2024 (Swedish)Independent thesis Advanced level (degree of Master (One Year)), 15 credits / 22,5 HE creditsStudent thesis
Abstract [en]

Since 2007 there is a vision zero regarding suicide in Sweden, but the suicide numbers do not decrease. Doctors are increasingly imposed to ask questions about suicide, even though the evidence that suicide risk assessment predicts suicide in a clinically meaningful way is weak.
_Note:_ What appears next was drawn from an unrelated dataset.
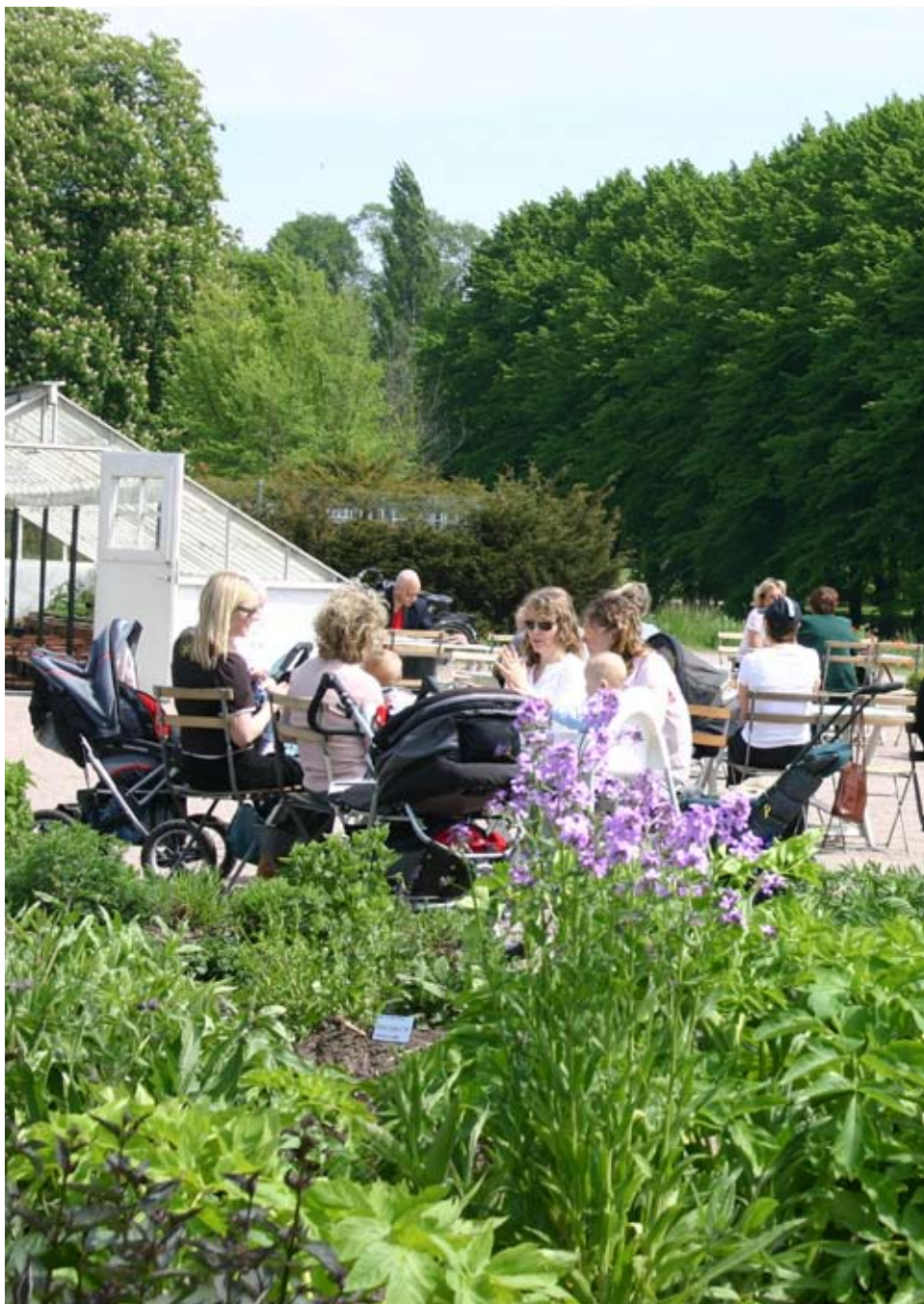
Uteserveringen är en viktig del i att marknadsföra en restaurang eller ett café

Patients often lie to doctors, which is rarely theoretically analyzed within the profession.

This examination of practical knowledge, called The Language Game of Cunning - ascientific essay about lies and gut feeling in suicide risk assessment, starts with a description of a clinical situation in which a patient who is not in need of inpatient care presumably lies to a doctor about having suicide plans, with an assumed intention to remain in the hospital.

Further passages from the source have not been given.